Trump: Yes. I am a fan of the future, and the future belongs to cybernetics.
These are two of the best views we’ve had on Trump’s potential security policy, but we can piece together a little more of his comments over the years.
In an interview with Hugh Hewitt back in 2015, Trump said he was “wrong on the security side,” continuing, “I guess when I pick up my phone, people still listen to my conversations if you want to know the truth.” He concluded by saying that he was “all right,” reinstating the Patriot Act provisions that allow the collection of large amounts of data. Trump declined to contact the CISA .
How wrong he is on the security side can best be illustrated by his call for a boycott of Apple earlier this year. Trump wanted Apple to ditch the encryption keys for the iPhone belonging to the San Bernardino shooter (although this was not possible and the FBI did not ask for it ), saying:
Boycott Apple until they provide this information … Apple needs to keep this phone safe, okay. I think you should boycott Apple until they give out this security number. How do you like it? I just thought about it. Boycott Apple.
It’s unclear if Trump believes the government should have used legal tactics to pressure Apple, or if an Apple boycott would have forced them to change their stance. Speaking of reliance on companies, Trump also called on Bill Gates to work on “shutting down the Internet somehow,” despite confidentiality, the First Amendment, and the logical problems that might arise.
In his 2011 book Time to Get Tough: Make America # 1 Again , Trump’s homeland security policy revolves around the idea that “all freedoms flow from national security,” and one of Trump ’s seven core foreign policy tenets reads: “See the invisible … Be prepared for threats before they materialize. ” Another of these principles is “Keep the Blade of the Technological Sword Sharp,” which seems to echo his belief that cybernetics is the future.

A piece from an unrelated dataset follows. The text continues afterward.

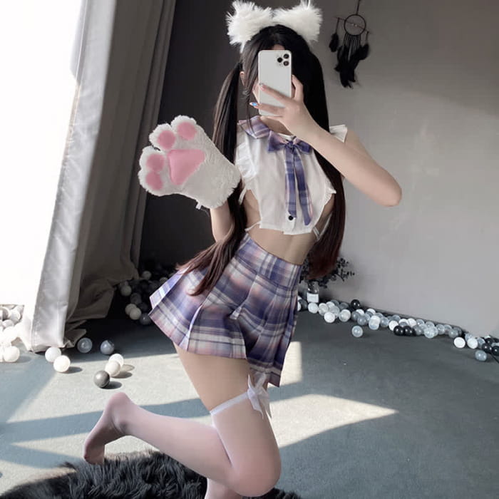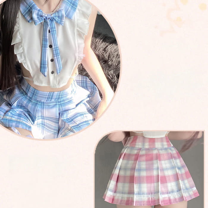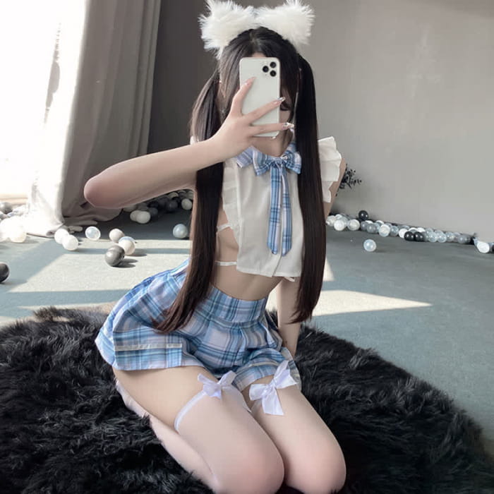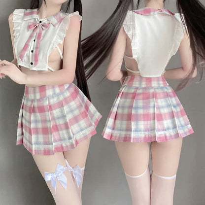 Sweet Plaid Hollow Out Sexy Lingerie Stockings Set

As for the leaked information about Edward Snowden,in an interview with Fox and Friends in 2013 , Trump called him a traitor and offered to be executed.

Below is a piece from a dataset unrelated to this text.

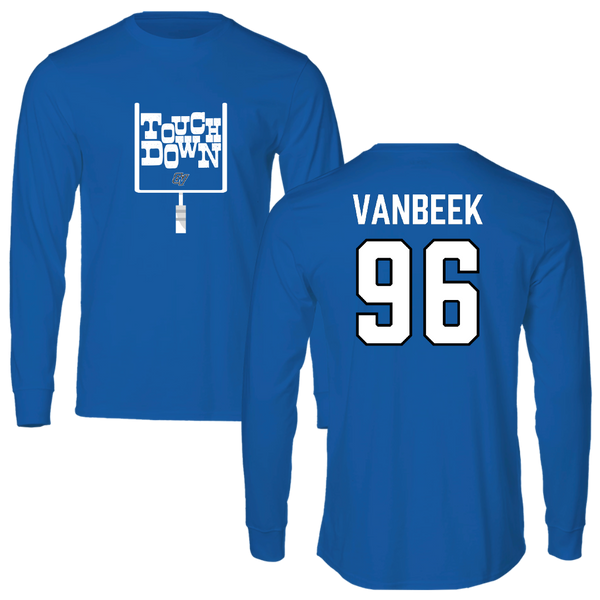 Grand Valley State University Football Blue Touchdown Long Sleeve - #96 Landon VanBeek
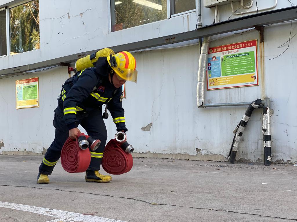 下午,实践队员们在消防救援人员的指导下在穿战斗服百米负重跑、单干线出两只水枪等项目后,“消防体验官”们一个个都喘上了粗气,一套消防战斗服加装备,消防队员穿戴只用三十秒,而实践队员则花了两分多钟才勉强完成。常用的支线水带长20米、重6.5公斤,消防救援人员经过长期训练,已经完全掌握定向散开、指哪儿打哪儿的控制力,而实践队员们则筋疲力竭后完成操作。“训练很苦,但我很开心,能单干线出水枪啦!”实践队员王晓涵的笑容在艳阳下格外灿烂,“实操的时候穿着全套的消防装备,背上空气呼吸器,整套装备将近47公斤,再加上腰上的工具包,每个人身上都有近百斤的重量。很热,很累,但只有这样才能最真实模拟救火时的负重。毕竟,火灾是不会等我们、迁就我们的。”实践队员张尧卸下一身装备后说到。

Finally, there is also the fact that Trump (presumably jokingly) asked Russia to hack into Hillary Clinton’s mail servers ( and has more than a few alleged ties to Russia ), and in 2014, Trump asked hackers to examine Obama College records for birthplace, and both. from which it can be assumed that whatever security policy Trump has adopted, he seems to be lighthearted about the idea of security.
Trump’s plan (or lack thereof) seems to call for an overall increase in security in the context of national security and defense, but not necessarily in relation to civil society organizations, government agencies or individuals. His comments imply that this is also potentially achieved at the expense of confidentiality and free speech, and calls for an increase in what law enforcement can force private companies to do. Ultimately, his policy is unclear and will remain so until his campaign publishes something significant.